Disadvantages of Biotechnology the Environment
While the general belief is that genetically -engineered herbicide and pesticide crops are environmentally- friendly because they require less herbicide and pesticide applications, the reality is that they actually require more because crops growing around them quickly become resistant to such herbicides and pesticides.
Also GM bacterium (Klebsiella planticola) meant to break down wood chips, corn stalks and lumber wastes to produce ethanol – with the post-process waste to be used as compost, end up rendering the soil sterile.
This is because it kills essential soil microbes especially nitrogen capturing fungi. Reliance on genetically engineered seeds means that only few seeds are available as against varieties that have been known over time.
This trend will destroy natural selection as changes in seed quality will depend on what humans want. Genetically- modified Bt endotoxin remains in the soil at least 18 months after harvest and can be transported to wild plants creating superweeds – resistant to butterfly, moth, and beetle pests – potentially disturbing the balance of nature.
A study in Denmark and UK showed superweeds growing nearby in just one generation. A US study showed the superweed resistant to glufosinate (which differs from glyphosate) to be just as fertile as non-polluted weeds.
Also GM trees or “supertrees” are being developed which can kill literally all life around it. Such trees will destroy our natural forest where a single tree is habitat to thousands of animals and lower plants.
Yet again, experiments indicate that common plant pests such as cottonboll worms will evolve into superpests which are immune to Bt sprays used by organic farmers.

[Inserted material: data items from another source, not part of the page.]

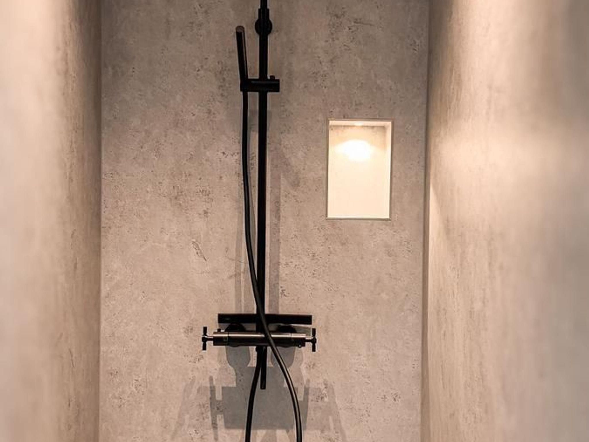 Direkt neben den Schlafzimmern liegt ein Dusch-Bad mit WC und einem Waschbecken aus Naturstein.
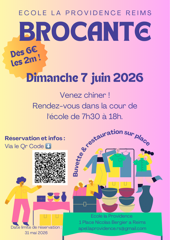 Voici le lien d'inscription : https://www.helloasso.com/associations/apel-de-l-ecole-la-providence-reims/evenements/brocante-de-l-ecole-la-providence-2026
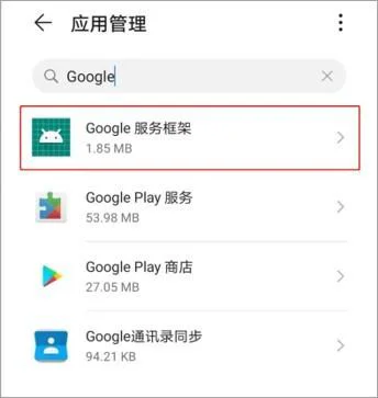 打开“设置”->“应用管理”-> “ ”->“显示系统进程”-> 搜索“Google”,如果找到有“Google服务框架”则说明有装;没有的话,可以自行安装(百度自行搜索:华为mate30/mate30pro安装谷歌框架新方法),这个方案除了mate30系列,也适用于其他型号的华为手机。
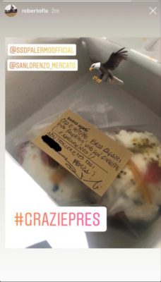 Il presidente del Palermo, Dario Mirri, come mostrato direttamente dal giocatore rosanero Roberto Floriano, ha inviato le famose "sfince" di...
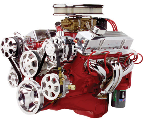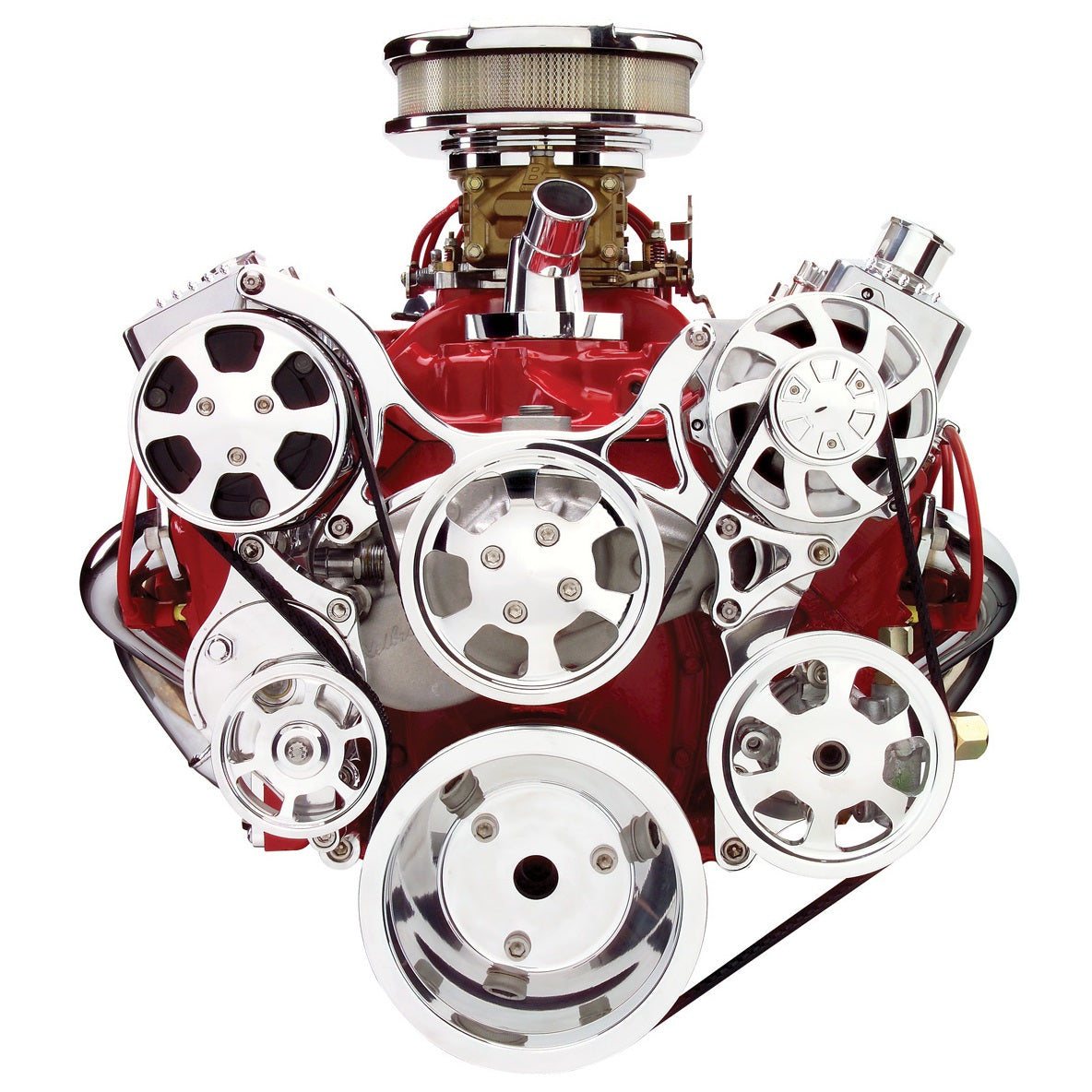 Brand New Front Engine Serpentine Pulley Set for Small Block Chevy's with Water Pump, Alternator, A/C Compressor, Power Steering Pump, and More. This kit is produced by Billet Specialties Inc. (Part #13220).
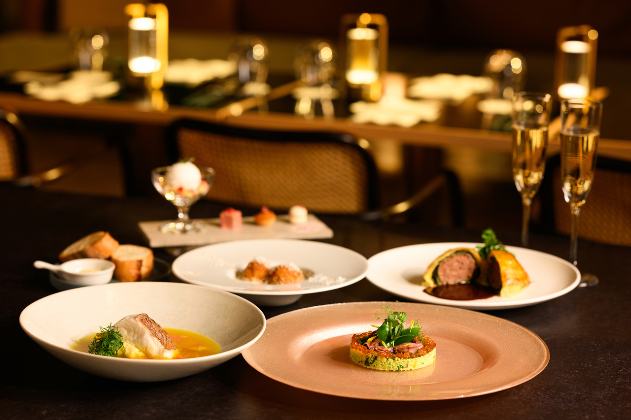 This limited-time afternoon tea is filled with the vibrant world of berries. The first and second tiers feature delightful treats like strawberry shortcake and tarts, sweet and sour berry mousse, and white chocolate and blackcurrant mousse. The third tier offers seasonal savory dishes like cauliflower royale with snow crab and consommé jelly, and strawberry, tomato, and milk cheese caprese. Enjoy a special moment filled with the vibrant colors of berries, along with approximately 20 free drinks.
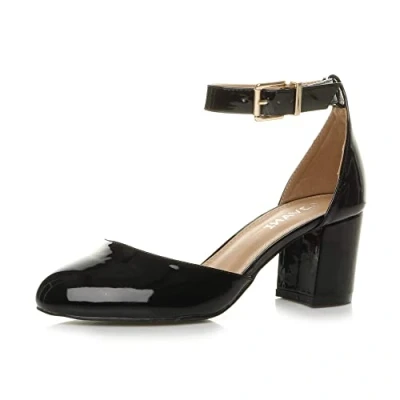 AJVANI Low mid Block Heel Ankle Strap Court Shoes Sandals Size 5 38 Black Patent
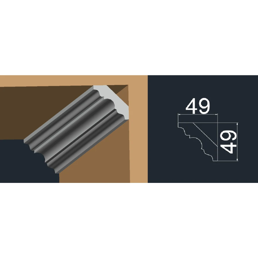 Cornisă de tavan CT 15 realizată din polistiren XPS, cu dimensiuni 49x49x2000 mm, destinată finisajelor decorative interioare și mascării îmbinărilor dintre perete și tavan.
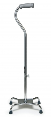 Lumex Silver Collection Low Profile Quad Cane, Aluminum, Standard Grip, Small Base (8″ x 6″) * Offset handle places the user?s weight over the base for maximum balance and control * Low profile, 4-point base further enhances stability * Rounded edge base plate helps prevent scraping and bruising of ankles * Attractive finish resists marring and scratching * Easy push-button height adjustment with locking collet for added security * Height adjusts from 29″ – 38″ in 1″ increments * Tool-free left- to right-hand adjustment is made easily

Fish and marine life are threatened by accidental release of GM fish currently under development in several countries – trout, carp, and salmon several times the normal size and growing up to 6x times as fast.
Read Also : Benefits of Biotechnology Application to Agriculture
One such accident has already occurred in the Philippines – threatening local fish supplies. Studies have shown that GM products can kill beneficial insects – most notably the monarch butterfly larvae.
Bt crops genetically engineered to kill insect pests such as cotton worms, also kill non- target insects like lacewings, honeybees, springtails and ladybird beetles.
In a study with GM potatoes, spliced with DNA from the snowdrop plant and a viral promoter (CaMV), the resulting plant was poisonous to mammals (rats) – damaging vital organs, the stomach lining and immune system.
CaMV is a pararetrovirus. It can reactivate dormant viruses or create new viruses – as some presume have occurred with the AIDES epidemic. CaMV is promiscuous with very wide adverse consequences.
Accidents of biotechnology could be disastrous as happened with the pig number 6706 supposed to be a “superpig, ” but which eventually became a “supercripple” full of arthritis, cross-eyed, and could barely stand up with its mutated body.
Accidents of this nature when released to the environment may cause more problems than it can solve. There is also a potent fear of polluting the environment with genetic engineered pest such as GM pollen now being carried by wind, rain, birds, bees, insects, fungus, bacteria.
Once released, unlike chemical pollution, there is no cleanup or recall possible. Thus there is no containing such genetic pollution. Experiments in Germany have shown that engineered oilseed can have its pollen move over 200 meters.
As a result German farmers have sued to stop field trials in Berlin. In Thailand, the government stopped field tests for Monsanto’s Bt cotton when it was discovered by the Institute of Traditional Thai Medicine that 16 nearby plants of the cotton family, used by traditional healers, were being genetically polluted.
US research showed that more than 50% of wild strawberries growing inside of 50 meters of a GM strawberry field assumed GM gene markers. Another showed that 25-38% of wild sunflowers growing near GM crops had GM gene markers.
A recent study in England showed that despite the tiny amount of GM plantings there (33,750 acres over two years compared to 70-80 million acres per year in the US) wild honey was found to be contaminated.
This means that bees and other insects are likely to pollinate organic plants and trees with transgenic elements.